Exercise: Omit the pictures, please, and give each record below again exactly.
===== Available data
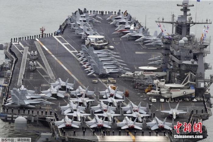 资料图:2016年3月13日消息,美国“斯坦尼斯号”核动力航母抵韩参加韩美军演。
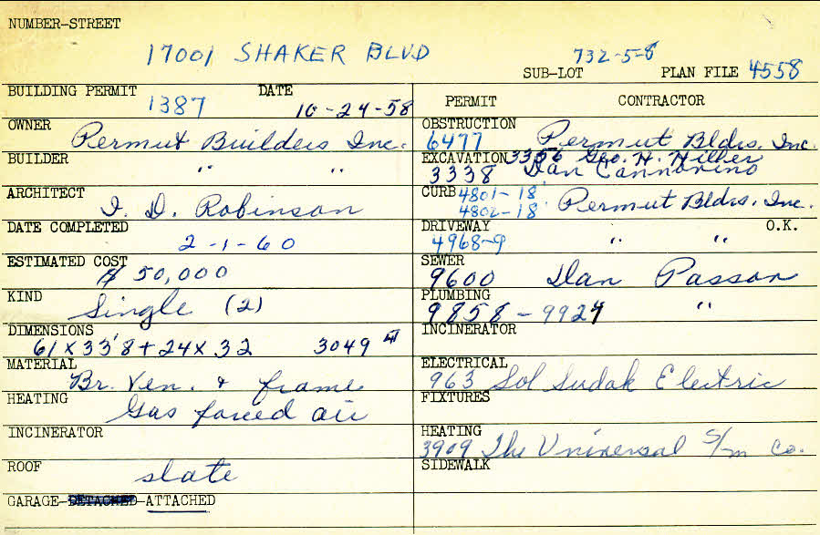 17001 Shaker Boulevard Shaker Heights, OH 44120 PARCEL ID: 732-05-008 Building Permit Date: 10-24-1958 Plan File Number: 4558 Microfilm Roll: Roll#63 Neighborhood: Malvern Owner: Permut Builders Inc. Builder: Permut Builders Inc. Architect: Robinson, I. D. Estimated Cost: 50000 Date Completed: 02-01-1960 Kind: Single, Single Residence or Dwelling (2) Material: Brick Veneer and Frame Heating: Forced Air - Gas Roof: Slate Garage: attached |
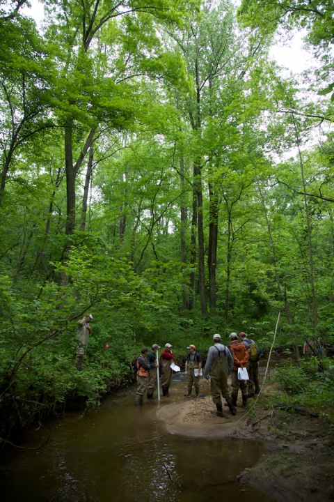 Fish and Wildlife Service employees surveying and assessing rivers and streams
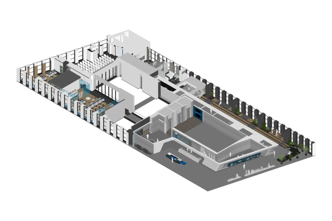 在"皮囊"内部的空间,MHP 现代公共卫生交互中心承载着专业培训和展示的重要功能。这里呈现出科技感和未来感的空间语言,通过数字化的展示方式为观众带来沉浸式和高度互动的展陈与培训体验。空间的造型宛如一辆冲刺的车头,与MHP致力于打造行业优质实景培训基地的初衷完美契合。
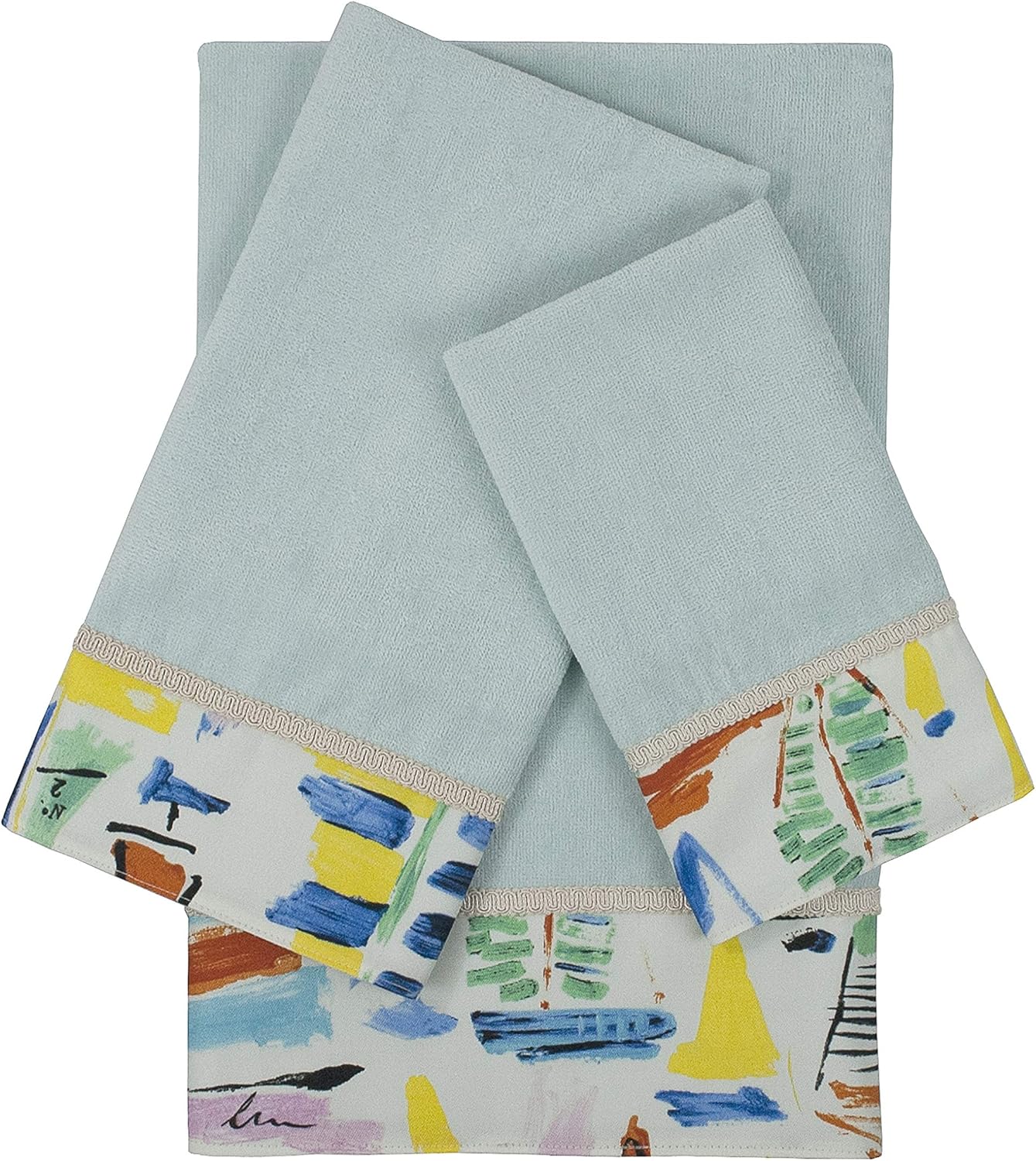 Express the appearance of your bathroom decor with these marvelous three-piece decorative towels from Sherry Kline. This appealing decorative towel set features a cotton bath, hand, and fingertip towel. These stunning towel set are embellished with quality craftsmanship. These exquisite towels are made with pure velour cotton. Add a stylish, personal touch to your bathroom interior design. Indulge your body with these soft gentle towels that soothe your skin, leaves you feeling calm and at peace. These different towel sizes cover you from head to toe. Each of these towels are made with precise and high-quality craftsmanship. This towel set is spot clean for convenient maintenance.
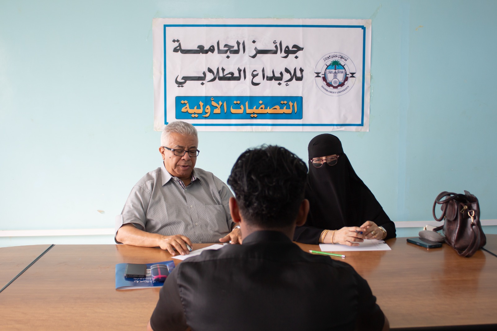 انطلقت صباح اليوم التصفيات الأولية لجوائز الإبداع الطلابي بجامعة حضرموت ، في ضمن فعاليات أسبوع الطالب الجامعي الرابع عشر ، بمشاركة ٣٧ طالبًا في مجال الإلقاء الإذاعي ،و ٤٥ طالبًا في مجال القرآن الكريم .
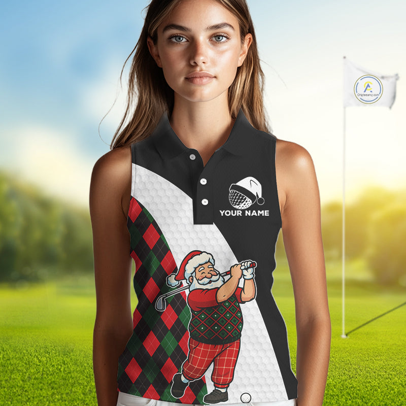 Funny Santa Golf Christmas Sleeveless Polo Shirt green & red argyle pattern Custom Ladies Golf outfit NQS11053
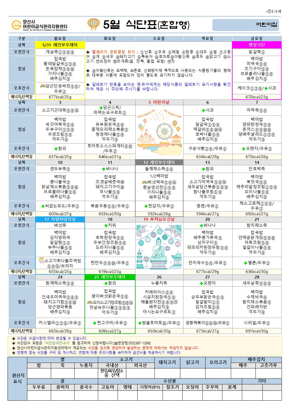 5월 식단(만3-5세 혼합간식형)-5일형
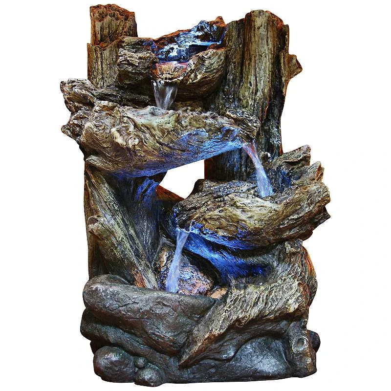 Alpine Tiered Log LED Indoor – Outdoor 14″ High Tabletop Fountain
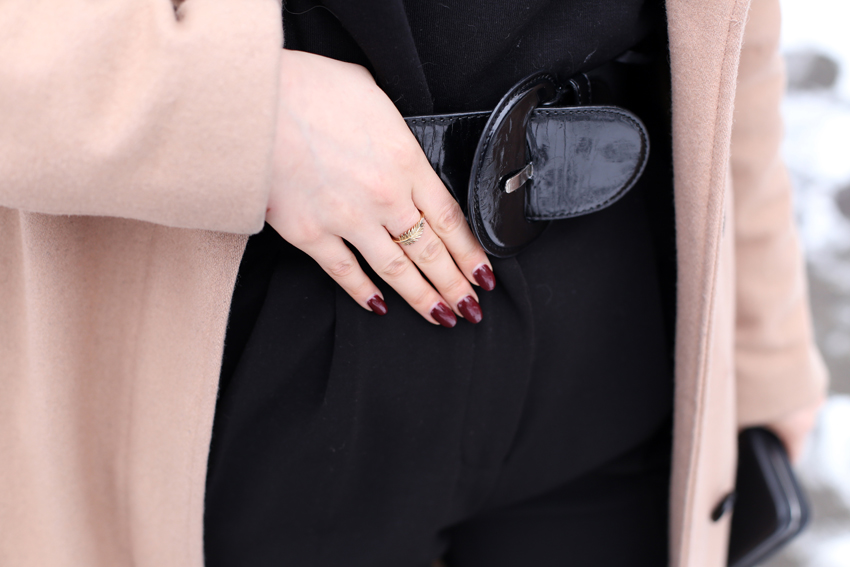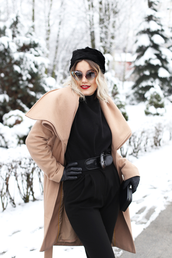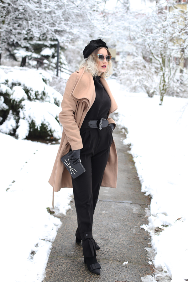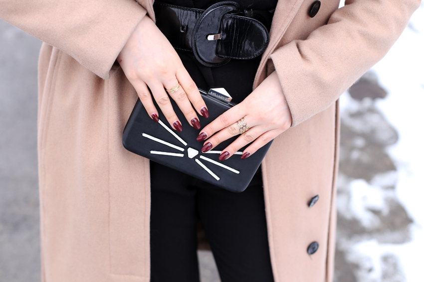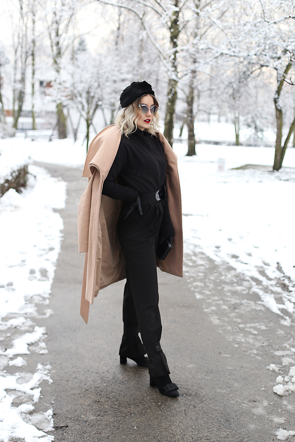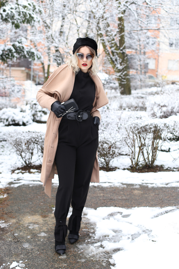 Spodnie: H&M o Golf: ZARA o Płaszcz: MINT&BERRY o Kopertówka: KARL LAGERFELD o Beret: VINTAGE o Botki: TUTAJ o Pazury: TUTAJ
==========
Task output:
 资料图:2016年3月13日消息,美国“斯坦尼斯号”核动力航母抵韩参加韩美军演。
 17001 Shaker Boulevard Shaker Heights, OH 44120 PARCEL ID: 732-05-008 Building Permit Date: 10-24-1958 Plan File Number: 4558 Microfilm Roll: Roll#63 Neighborhood: Malvern Owner: Permut Builders Inc. Builder: Permut Builders Inc. Architect: Robinson, I. D. Estimated Cost: 50000 Date Completed: 02-01-1960 Kind: Single, Single Residence or Dwelling (2) Material: Brick Veneer and Frame Heating: Forced Air - Gas Roof: Slate Garage: attached |
 Fish and Wildlife Service employees surveying and assessing rivers and streams
 在"皮囊"内部的空间,MHP 现代公共卫生交互中心承载着专业培训和展示的重要功能。这里呈现出科技感和未来感的空间语言,通过数字化的展示方式为观众带来沉浸式和高度互动的展陈与培训体验。空间的造型宛如一辆冲刺的车头,与MHP致力于打造行业优质实景培训基地的初衷完美契合。
 Express the appearance of your bathroom decor with these marvelous three-piece decorative towels from Sherry Kline. This appealing decorative towel set features a cotton bath, hand, and fingertip towel. These stunning towel set are embellished with quality craftsmanship. These exquisite towels are made with pure velour cotton. Add a stylish, personal touch to your bathroom interior design. Indulge your body with these soft gentle towels that soothe your skin, leaves you feeling calm and at peace. These different towel sizes cover you from head to toe. Each of these towels are made with precise and high-quality craftsmanship. This towel set is spot clean for convenient maintenance.
 انطلقت صباح اليوم التصفيات الأولية لجوائز الإبداع الطلابي بجامعة حضرموت ، في ضمن فعاليات أسبوع الطالب الجامعي الرابع عشر ، بمشاركة ٣٧ طالبًا في مجال الإلقاء الإذاعي ،و ٤٥ طالبًا في مجال القرآن الكريم .
 Funny Santa Golf Christmas Sleeveless Polo Shirt green & red argyle pattern Custom Ladies Golf outfit NQS11053
 5월 식단(만3-5세 혼합간식형)-5일형
 Alpine Tiered Log LED Indoor – Outdoor 14″ High Tabletop Fountain
 Spodnie: H&M o Golf: ZARA o Płaszcz: MINT&BERRY o Kopertówka: KARL LAGERFELD o Beret: VINTAGE o Botki: TUTAJ o Pazury: TUTAJ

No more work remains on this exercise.